45. F.C (PW3) stated that on the material day, Benard Cheruiyot alias Amos penetrated her female organ using his male organ and that the Appellant slept with PW2. That the Appellant left in the middle of the night and she left Amos’ bed and went and slept with PW2. When she was cross examined, PW3 stated that she heard the Appellant conversing with the victim (PW2). That the Appellant and Benard Cheruiyot alias Amos switched off the lights when they had sexual intercourse with them (PW2 and PW3).
46. As submitted by the Respondent, Benard Cheruiyot alias Amos was charged with defiling PW3 in Sotik Sexual Offences Case Number E056 of 2021 and in a Judgement dated 20th December 2023 by Hon. E. Muleka, the trial Magistrate acquitted Benard Cheruiyot alias Amos stating that the Prosecution failed to prove its case. The trial Magistrate stated that PW3 was not convincing as to the events of the material day.
47. It is imperative to note that the circumstances in Sotik Sexual Offences Case Number E056 of 2021 and the present case were similar as PW2, PW3, Benard Cheruiyot alias Amos and the Appellant were alleged to have been involved in sexual intercourse at the same time, same day and in the same house. For the reasons explained above and the medical evidence tendered by the clinical officer (PW1), these chain of events created a doubt in this court’s mind as to the truthfulness of PW2 on the events of the material day.
48. It was clear to me from my evaluation of the evidence that the Prosecution did not prove the ingredient of penetration to the required legal standard. What was clear from the evidence however was that the two minors spent the night in the house of one Amos whom PW2 described as her boyfriend and whom she stated slept with her friend while she slept with the Appellant. The circumstances show that she may or may not have been penetrated that particular night as the only cogent evidence presented showed earlier sexual activity.
49. The ingredients of defilement had to be proved conjunctively and not disjunctively. When an ingredient could not be adequately established, it created doubt and that doubt however little must go to the benefit of the Appellant. The evidence in this case showed a very strong suspicion that the Appellant did penetrate the victim on the material night. The law however is clear that suspicion alone cannot found a conviction.
50. This case clearly demonstrates how the system failed the two minors. At 14, they left school and went to the house of one Amos the Appellant’s friend who clearly took advantage of their naivity. The investigation was either wanting or compromised with the result that no credible evidence was laid before the court leaving only the evidence of the minors’ physical presence in Amos’ house where they spent the night in the company of both the Appellant and his friend Amos.
51. In the final analysis, it is my finding that the Prosecution did not prove its case against the Appellant to the required legal standard.
52. In the end, the Appeal dated 13th June 2023 is allowed.
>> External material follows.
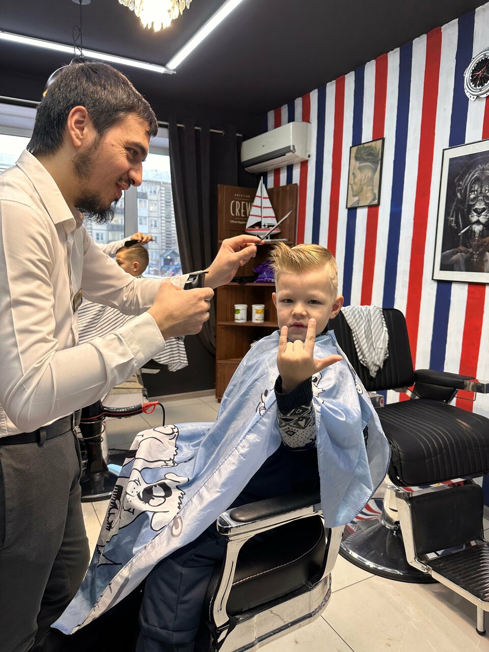 Отдичный барбершоп, все мастера топ, вожу туда сына на стрижку, всегда все вовремя, по записи, в процессе включают мультики, в конце процедуры получает конфетки)

I set aside the Appellant’s conviction and quash his sentence. The Appellant is set at liberty forthwith unless otherwise lawfully held.
Orders accordingly.
JUDGEMENT DELIVERED, DATED AND SIGNED THIS 19TH DAY OF DECEMBER 2024. ........................R. LAGAT-KORIRJUDGEJudgement delivered in the presence of Mr. Njeru for the state, Appellant present acting in person and Siele (Court Assistant).